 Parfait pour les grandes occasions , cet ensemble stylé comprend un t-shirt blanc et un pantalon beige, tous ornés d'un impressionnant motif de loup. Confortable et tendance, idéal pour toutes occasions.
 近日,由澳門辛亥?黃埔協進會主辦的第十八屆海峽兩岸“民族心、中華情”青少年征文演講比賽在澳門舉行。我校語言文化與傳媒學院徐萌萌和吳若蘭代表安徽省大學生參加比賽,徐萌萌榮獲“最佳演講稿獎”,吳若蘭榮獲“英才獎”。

* * *

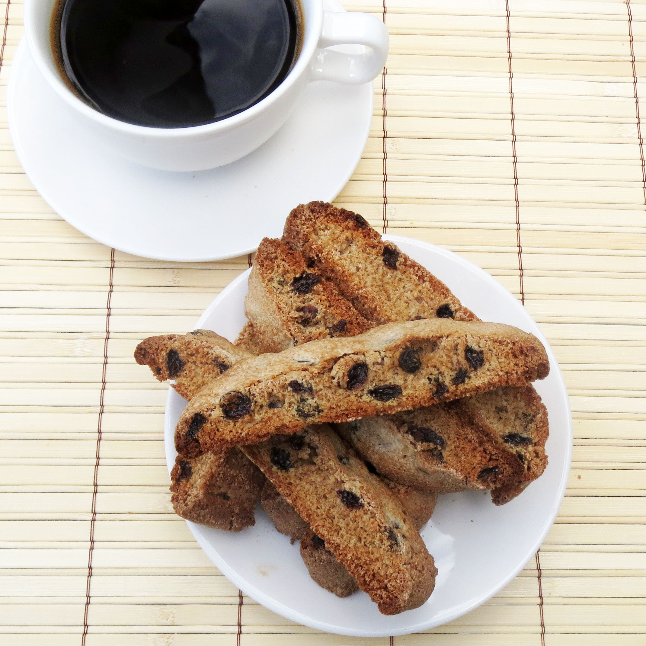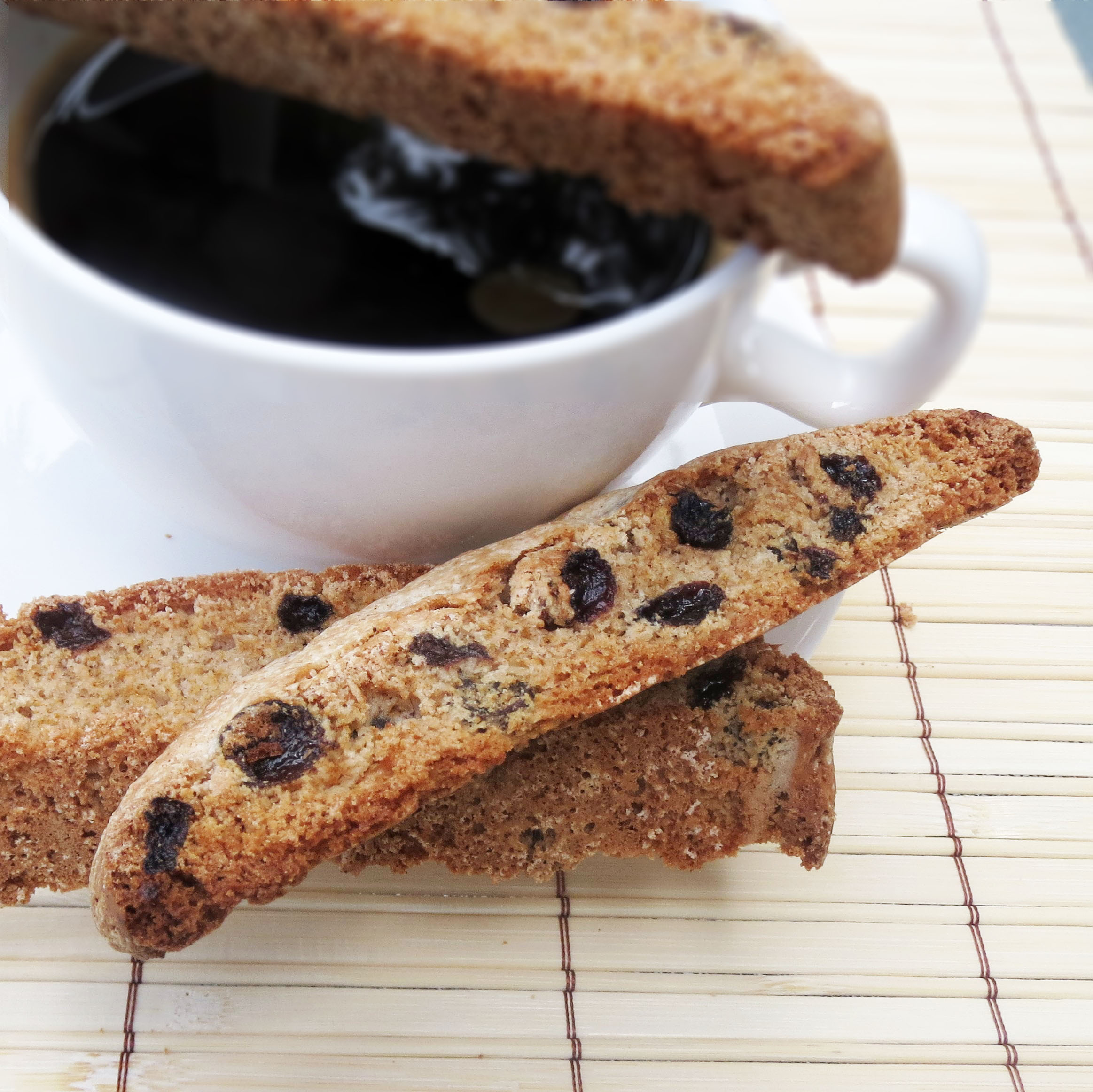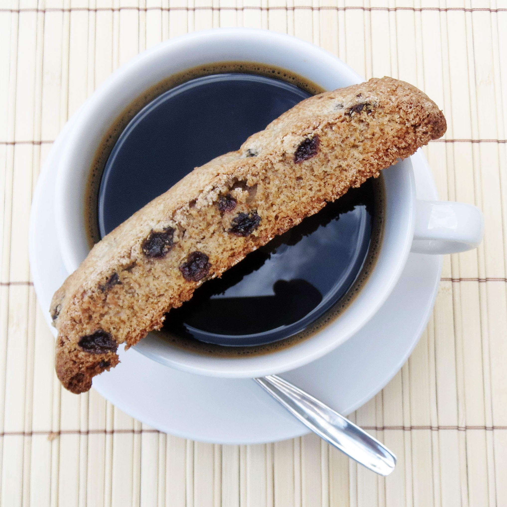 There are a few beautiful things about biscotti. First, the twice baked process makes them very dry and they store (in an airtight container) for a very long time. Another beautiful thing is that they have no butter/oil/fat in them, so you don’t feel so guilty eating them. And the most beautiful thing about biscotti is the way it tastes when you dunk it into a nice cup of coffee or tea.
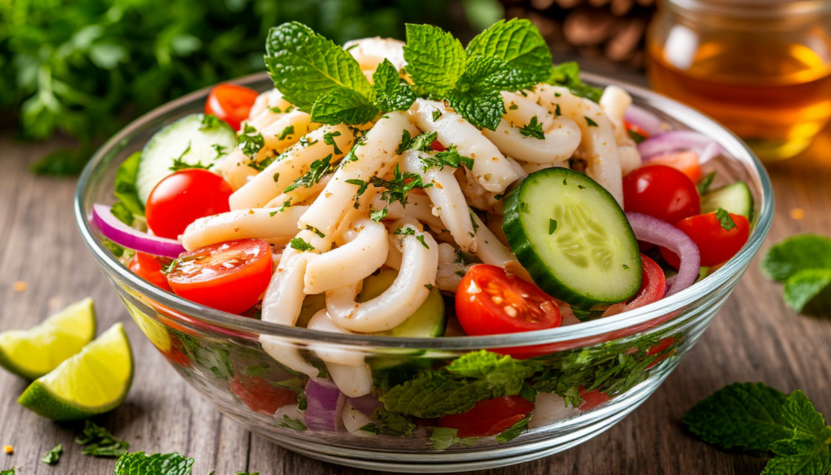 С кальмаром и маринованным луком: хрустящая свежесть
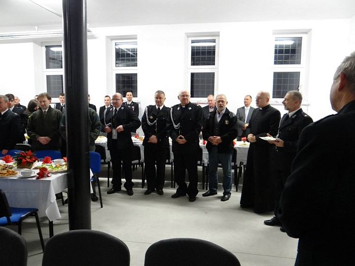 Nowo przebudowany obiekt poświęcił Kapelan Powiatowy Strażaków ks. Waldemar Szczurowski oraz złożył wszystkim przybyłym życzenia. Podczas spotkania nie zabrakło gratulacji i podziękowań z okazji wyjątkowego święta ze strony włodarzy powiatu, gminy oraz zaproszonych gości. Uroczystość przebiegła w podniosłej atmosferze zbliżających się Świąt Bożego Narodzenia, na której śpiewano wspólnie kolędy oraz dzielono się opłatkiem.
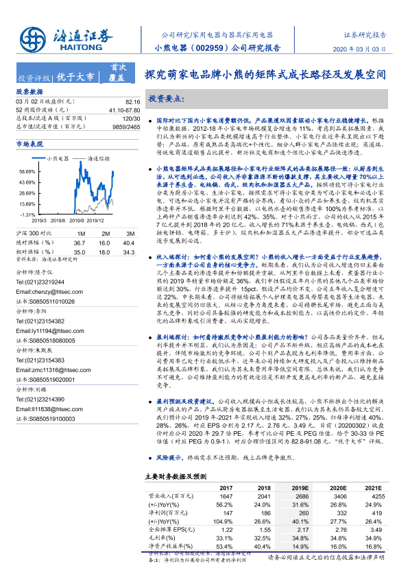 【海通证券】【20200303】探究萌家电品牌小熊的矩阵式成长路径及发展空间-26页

About this exercise: In the listing above, find the line with "Parfait pour les" and the line with "近日,由澳門辛亥?黃埔協進會", then print exactly those two lines and every line between them, and nothing more.

Exercise response:
 Parfait pour les grandes occasions , cet ensemble stylé comprend un t-shirt blanc et un pantalon beige, tous ornés d'un impressionnant motif de loup. Confortable et tendance, idéal pour toutes occasions.
 近日,由澳門辛亥?黃埔協進會主辦的第十八屆海峽兩岸“民族心、中華情”青少年征文演講比賽在澳門舉行。我校語言文化與傳媒學院徐萌萌和吳若蘭代表安徽省大學生參加比賽,徐萌萌榮獲“最佳演講稿獎”,吳若蘭榮獲“英才獎”。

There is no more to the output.